Quant à l'action sur les prix, elle ne pouvait être
qu'artificielle, le prix marchand des produits ainsi fabriqués
étant sans proportion avec le coût de revient réel,
si on le calcule d'après les dépenses occasionnées
par l'internement lui-même.
1. MUSQUINET DE LA PAGNE, Bicêtre réformé
ou établissement d'une maison de discipline, 1789. p. 22.
2. Comme en Angleterre, il y eut des conflits de ce type en France;
à Troyes par exemple, procès entre «les maîtres
et communautés de bonnetiers» et les administrateurs
des hôpitaux (Archives du département de l'Aube).
|PAGE 99
Mesurée d'après leur seule valeur fonctionnelle,
la création des maisons d'internement peut passer pour
un échec. Leur disparition, dans presque toute l'Europe,
au début du XIXe siècle, comme centres d'accueil
des indigents et prisons de la misère, sanctionnera leur
insuccès final: remède transitoire et sans efficacité,
précaution sociale assez mal formulée par l'industrialisation
naissante. Et pourtant, dans cet échec même, l'âge
classique faisait une expérience irréductible. Ce
qui nous apparaît aujourd'hui comme une dialectique malhabile
de la production et des prix détenait alors sa signification
réelle d'une certaine conscience éthique du travail
où les difficultés des mécanismes économiques
perdaient leur urgence au profit d'une affirmation de valeur.

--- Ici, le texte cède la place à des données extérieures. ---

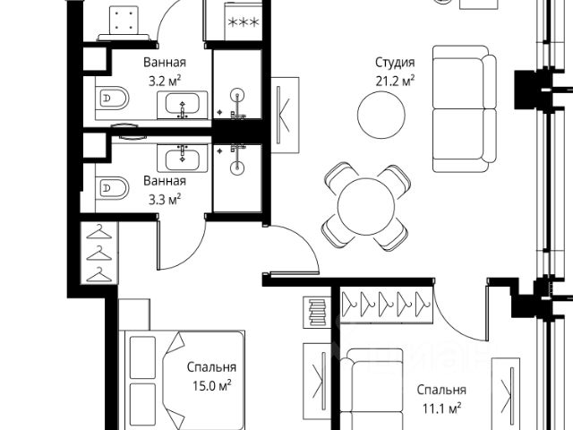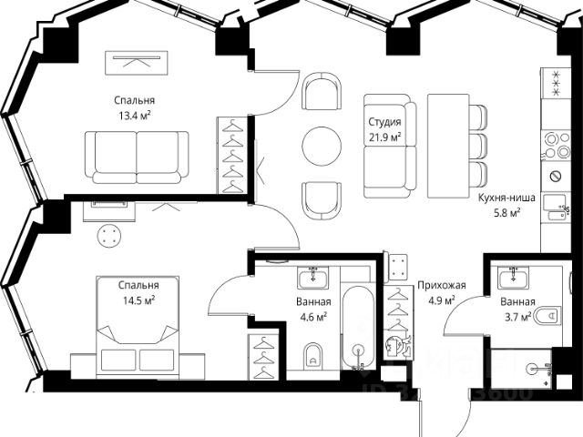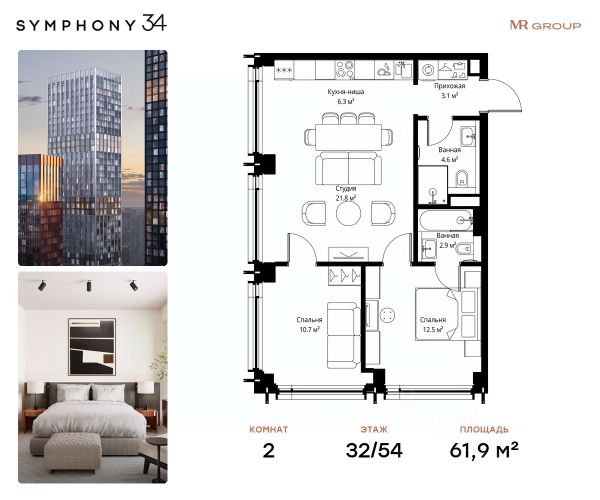 Дом сдан. Ключи в день покупки! В продаже 2-комнатная квартира площадью 58.70 м² с предчистовой отделкой на 5 этаже 43 этажного дома в корпусе Сильвер. ЖК Симфония 34 - концептуально новый жилой комплекс премиум-класса с подземной парковкой, состоит из четырех башен высотой 36 - 54 этажа. Квартиры сдаются с базовой (предчистовой) отделкой MR BASE или дизайнерской чистовой отделкой MR READY. Высота потолков 3 - 6 метров, окна высотой до 2,6 м. Более 100 кладовых в подземной части ЖК и более 500 на этажах. Безопасность - Система контроля входа на территорию комплекса, биометрия - Система автоматического водяного пожаротушения и противопожарного водопровода, система пожарной вентиляции - Доступ на парковку при помощи системы распознавания автомобильных номеров, карточка для контроля доступа резидентов - Система видеонаблюдения - Круглосуточная связь через приложение, телефон, голосовые сообщения с охраной, консьержем, call-центр. Расположение Пешком - 6 минут до метро "Дмитровская" - 15 минут до Тимирязевского парка На машине - 5 минут до Савеловского вокзала и Аэроэкспресса в Шереметьево - 10 минут до Москва-Сити и Садового кольца Благоустройство - 70% территории отведены под зеленые насаждения и ландшафтный дизайн - Приватный Японский сад - Детские площадки с зонированием по возрасту - Clubhouse для резидентов - Wellness & SPA - Зона для пикника, зона с гамаками - Центральное лобби, ресторан, коммерческие помещения - Дополнительный вход/выход на территорию комплекса Окружение - В 10 минутах от Symphony 34 находится дизайн-завод Flacon, где регулярно проходят культурно-образовательные и развлекательные мероприятия - Тимирязевский парк расположен в 850 м. Площадь парка 232 га - Рядом расположен парк "Дубки", площадью 16,5 га. - В 15 минутах расположен Хлебозавод 9. Здесь находятся шоурумы брендов, кафе разных кухонь мира, образовательные проекты и площадки для мероприятиКомпания MR предлагает своим клиентам специальные условия приобретения квартир в рамках программ ипотечного кредитования от банков-партнеров.
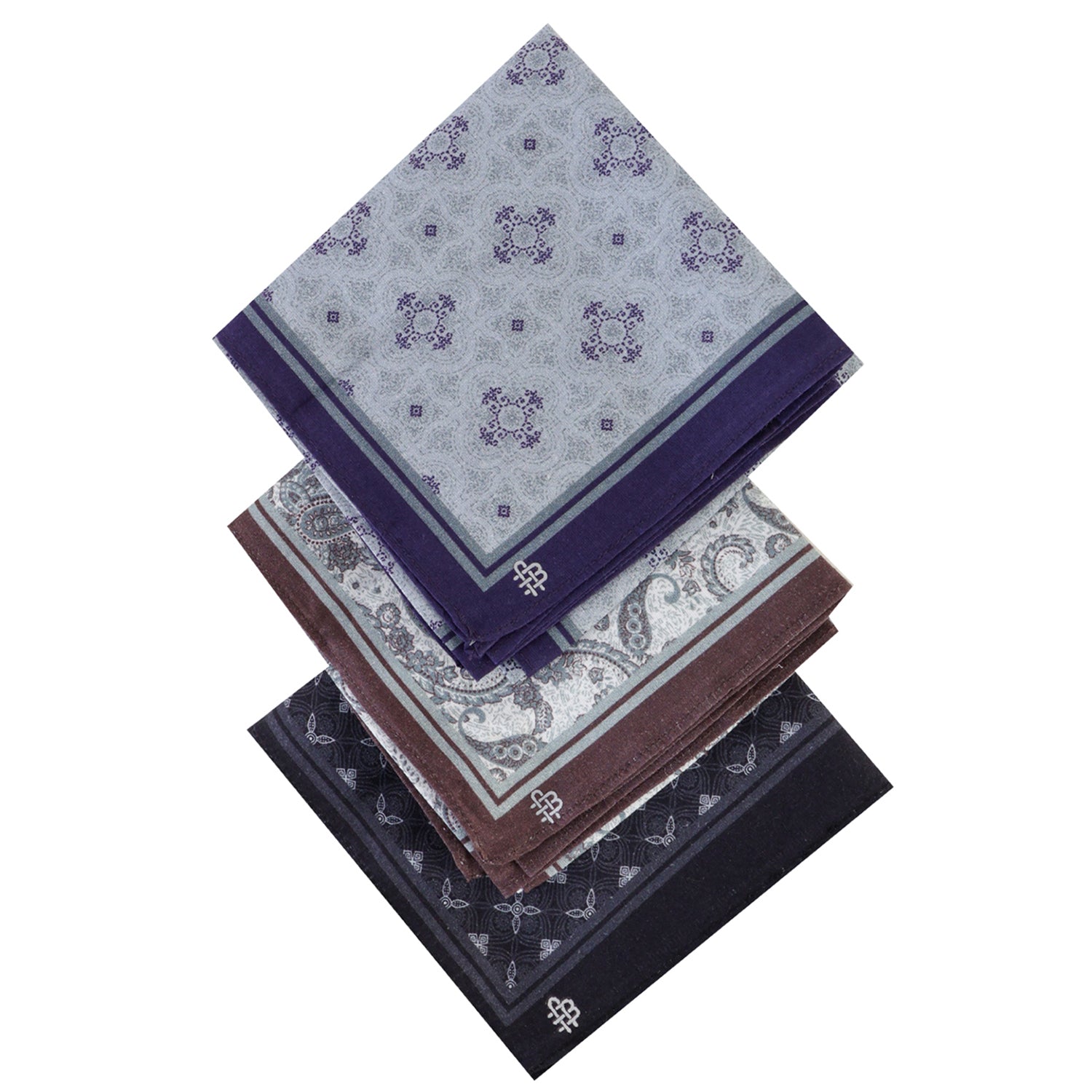 Silcora Men’s Cotton Handkerchiefs Pack of 3 (Color & Print May Vary)

Dans ce premier essor du monde industriel, le travail ne paraît
pas lié à des problèmes qu'il susciterait
lui-même; on le perçoit au contraire comme solution
générale, panacée infaillible, remède
à toutes les formes de la misère. Travail et pauvreté
sont situés dans une opposition simple; leur étendue
respective serait en raison inverse l'une de l'autre. Quant à
ce pouvoir, qui lui appartiendrait en propre, de faire disparaître
la misère, le travail, pour la pensée classique,
ne le détient pas tellement de sa puissance productrice
que d'une certaine force d'enchantement moral. L'efficacité
du travail est reconnue parce qu'on la fonde sur sa transcendance
éthique. Depuis la chute, le labeur-châtiment a reçu
valeur de pénitence et pouvoir de rachat. Ce n'est pas
une loi de nature qui force l'homme à travailler, mais
l'effet d'une malédiction. La terre est innocente de cette
stérilité où elle viendrait à s'endormir
si l'homme demeurait oisif: «La terre n'avait point péché,
et si elle est maudite, c'est à cause du travail de l'homme
maudit qui la cultive; on ne lui arrache aucun fruit, et surtout
le fruit le plus nécessaire, que par force et parmi des
travaux continuels 1.»
1. BOSSUET, Élévations sur les mystères,
VIe semaine, 12e élévation. (Bossuet. Textes choisis
par H. BREMOND, Paris, 1913, t. III, p. 285.)
|PAGE 100
L'obligation du travail n'est liée à aucune confiance
dans la nature; et ce n'est même pas par une obscure fidélité
que la terre doit récompenser le labeur de l'homme. Le
thème est constant chez les catholiques, comme chez les
réformés, que le travail ne porte pas lui-même
ses fruits. Récolte et richesse ne se trouvent pas au terme
d'une dialectique du travail et de la nature. Voici l'avertissement
de Calvin: «Or que nous ne cuidions point, selon que les
hommes seront vigilants et habiles, selon qu'ils auront bien fait
leur devoir, qu'ils puissent faire leur terre fertile; c'est la
bénédiction de Dieu qui gouverne le tout 1.»,
Et ce péril d'un travail qui resterait infécond
si Dieu n'intervenait dans sa bienveillance, Bossuet, à
son tour, le reconnaît: «À chaque moment l'espérance
de la moisson, et le fruit unique de tous nos travaux peut nous
échapper; nous sommes à la merci du ciel inconstant
qui fait pleuvoir sur le tendre épi 2.» Ce travail
précaire auquel la nature jamais n'est forcée de
répondre -sauf volonté particulière de Dieu
-est pourtant obligatoire, en toute rigueur: non pas au niveau
des synthèses naturelles, mais au niveau des synthèses
morales. Le pauvre qui, sans consentir à «tourmenter»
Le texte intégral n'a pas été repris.